▶ _What you are asked to do_:
Output the listing below verbatim, without images.

- - -

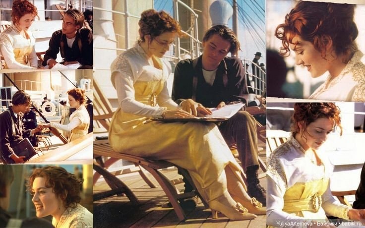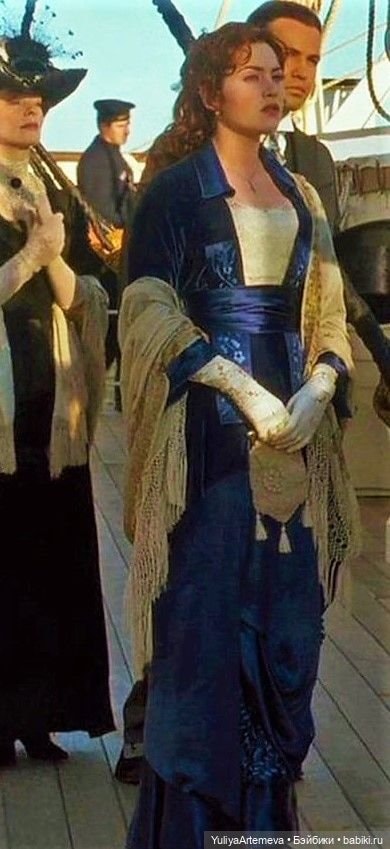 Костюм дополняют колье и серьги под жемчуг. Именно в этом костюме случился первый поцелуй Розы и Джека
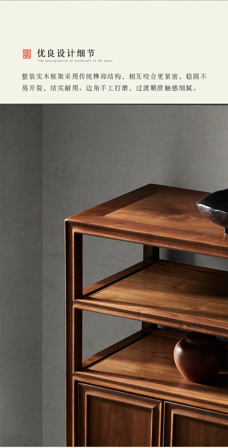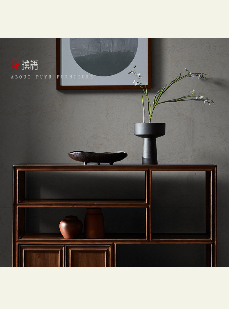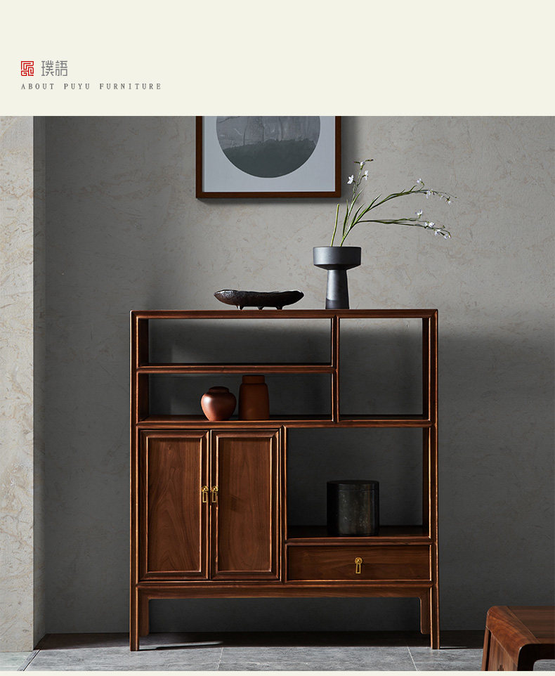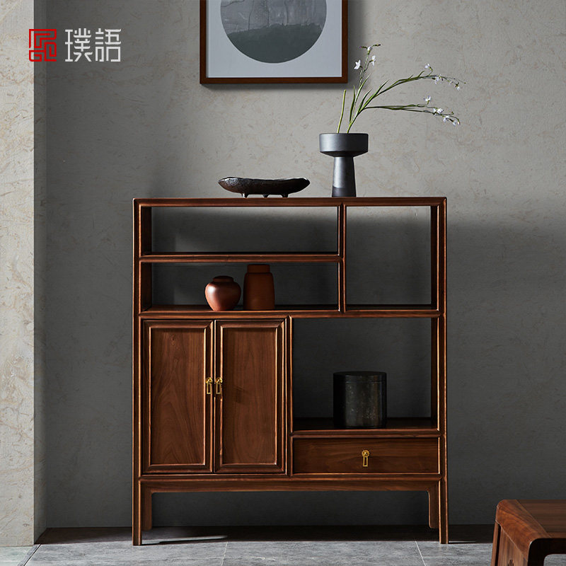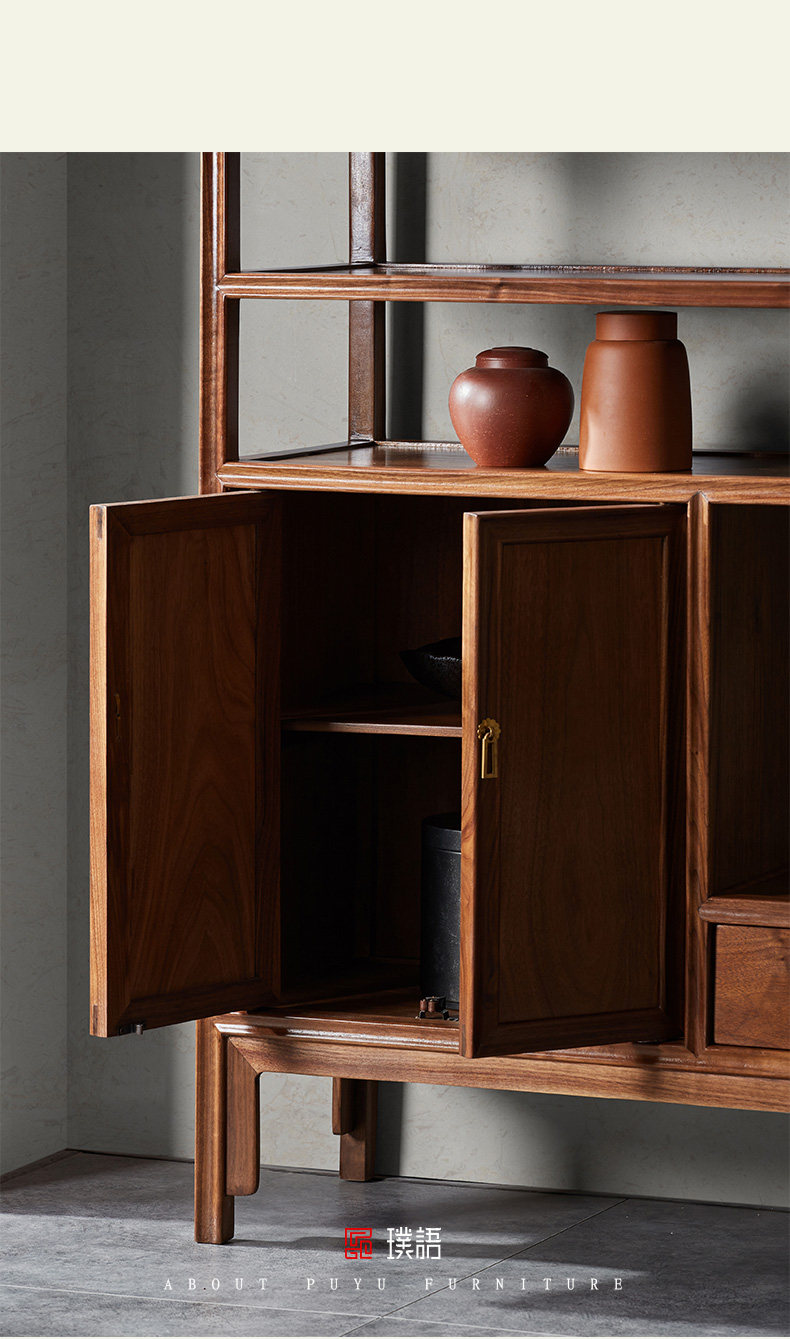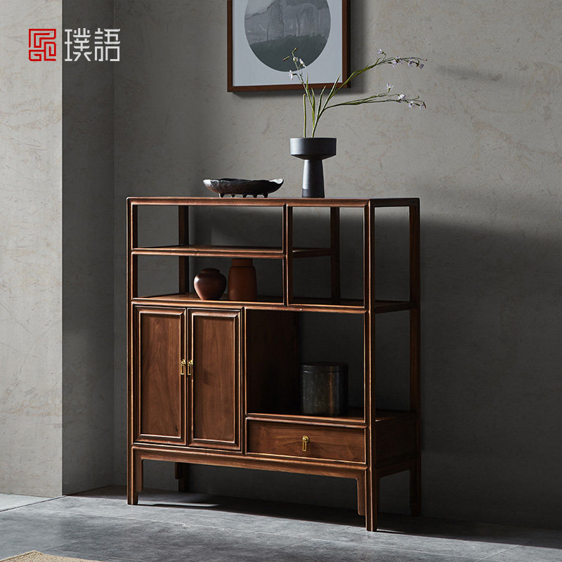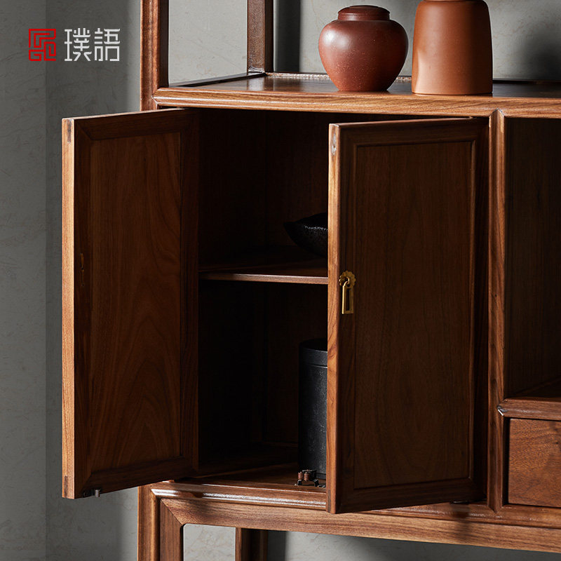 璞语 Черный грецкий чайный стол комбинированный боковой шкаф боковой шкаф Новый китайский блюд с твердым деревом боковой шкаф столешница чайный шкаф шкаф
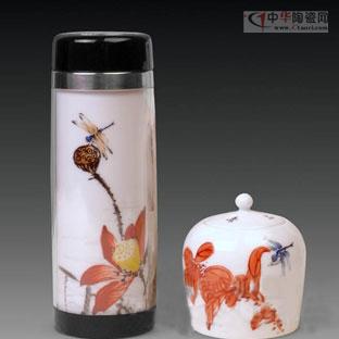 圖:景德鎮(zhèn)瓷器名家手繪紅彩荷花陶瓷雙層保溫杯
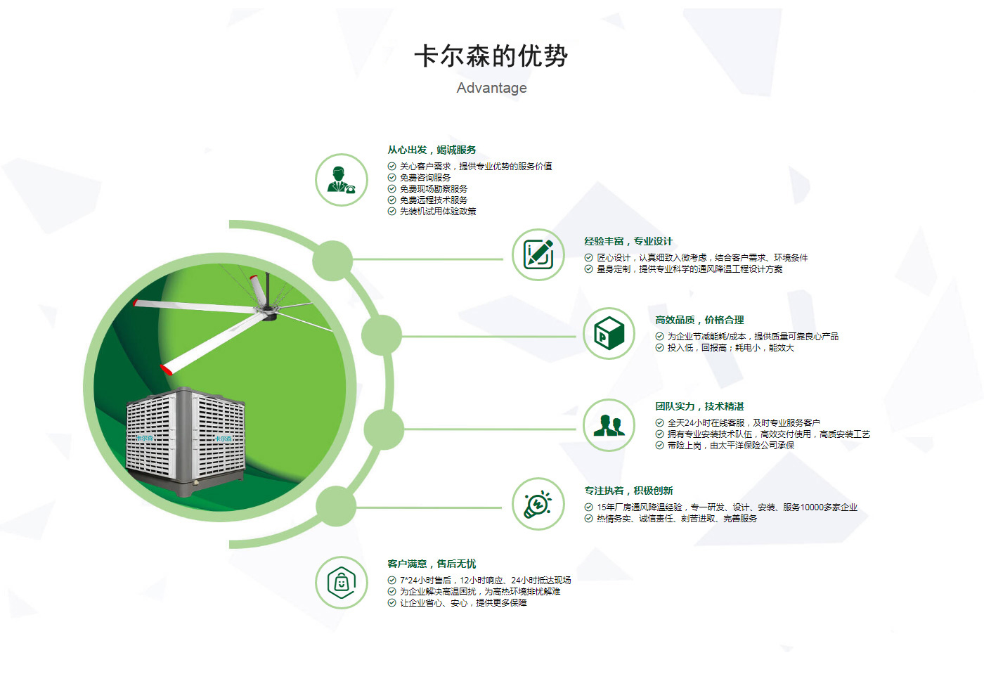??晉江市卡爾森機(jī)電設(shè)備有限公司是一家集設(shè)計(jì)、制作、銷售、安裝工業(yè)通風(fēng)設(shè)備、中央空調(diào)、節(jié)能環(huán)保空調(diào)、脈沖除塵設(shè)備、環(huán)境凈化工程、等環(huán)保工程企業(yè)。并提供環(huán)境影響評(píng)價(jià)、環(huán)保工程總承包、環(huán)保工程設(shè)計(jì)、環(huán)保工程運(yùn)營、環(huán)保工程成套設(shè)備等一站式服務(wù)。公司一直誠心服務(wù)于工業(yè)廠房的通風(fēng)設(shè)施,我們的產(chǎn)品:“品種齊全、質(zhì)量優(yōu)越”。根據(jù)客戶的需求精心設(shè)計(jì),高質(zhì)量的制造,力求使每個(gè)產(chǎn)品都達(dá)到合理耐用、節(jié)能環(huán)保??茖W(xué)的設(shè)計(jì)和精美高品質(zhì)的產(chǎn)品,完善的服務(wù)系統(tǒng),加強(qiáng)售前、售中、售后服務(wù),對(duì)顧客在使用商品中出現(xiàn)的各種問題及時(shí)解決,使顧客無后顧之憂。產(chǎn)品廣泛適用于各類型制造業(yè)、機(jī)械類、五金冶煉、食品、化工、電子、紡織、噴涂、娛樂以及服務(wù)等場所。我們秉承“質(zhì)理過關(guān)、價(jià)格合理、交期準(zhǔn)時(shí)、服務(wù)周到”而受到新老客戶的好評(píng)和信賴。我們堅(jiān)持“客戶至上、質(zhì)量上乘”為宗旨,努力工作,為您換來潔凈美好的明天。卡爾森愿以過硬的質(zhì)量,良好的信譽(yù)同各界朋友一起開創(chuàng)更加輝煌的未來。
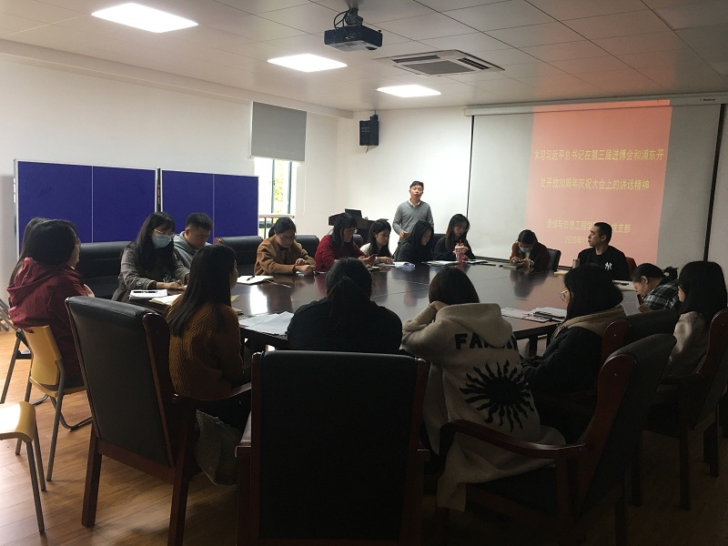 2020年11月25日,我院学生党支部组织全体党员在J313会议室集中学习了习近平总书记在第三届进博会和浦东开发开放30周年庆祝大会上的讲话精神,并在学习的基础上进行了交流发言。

- - -

▶ _Solution for this task_:
 Костюм дополняют колье и серьги под жемчуг. Именно в этом костюме случился первый поцелуй Розы и Джека
 璞语 Черный грецкий чайный стол комбинированный боковой шкаф боковой шкаф Новый китайский блюд с твердым деревом боковой шкаф столешница чайный шкаф шкаф
 圖:景德鎮(zhèn)瓷器名家手繪紅彩荷花陶瓷雙層保溫杯
??晉江市卡爾森機(jī)電設(shè)備有限公司是一家集設(shè)計(jì)、制作、銷售、安裝工業(yè)通風(fēng)設(shè)備、中央空調(diào)、節(jié)能環(huán)保空調(diào)、脈沖除塵設(shè)備、環(huán)境凈化工程、等環(huán)保工程企業(yè)。并提供環(huán)境影響評(píng)價(jià)、環(huán)保工程總承包、環(huán)保工程設(shè)計(jì)、環(huán)保工程運(yùn)營、環(huán)保工程成套設(shè)備等一站式服務(wù)。公司一直誠心服務(wù)于工業(yè)廠房的通風(fēng)設(shè)施,我們的產(chǎn)品:“品種齊全、質(zhì)量優(yōu)越”。根據(jù)客戶的需求精心設(shè)計(jì),高質(zhì)量的制造,力求使每個(gè)產(chǎn)品都達(dá)到合理耐用、節(jié)能環(huán)保??茖W(xué)的設(shè)計(jì)和精美高品質(zhì)的產(chǎn)品,完善的服務(wù)系統(tǒng),加強(qiáng)售前、售中、售后服務(wù),對(duì)顧客在使用商品中出現(xiàn)的各種問題及時(shí)解決,使顧客無后顧之憂。產(chǎn)品廣泛適用于各類型制造業(yè)、機(jī)械類、五金冶煉、食品、化工、電子、紡織、噴涂、娛樂以及服務(wù)等場所。我們秉承“質(zhì)理過關(guān)、價(jià)格合理、交期準(zhǔn)時(shí)、服務(wù)周到”而受到新老客戶的好評(píng)和信賴。我們堅(jiān)持“客戶至上、質(zhì)量上乘”為宗旨,努力工作,為您換來潔凈美好的明天。卡爾森愿以過硬的質(zhì)量,良好的信譽(yù)同各界朋友一起開創(chuàng)更加輝煌的未來。
 2020年11月25日,我院学生党支部组织全体党员在J313会议室集中学习了习近平总书记在第三届进博会和浦东开发开放30周年庆祝大会上的讲话精神,并在学习的基础上进行了交流发言。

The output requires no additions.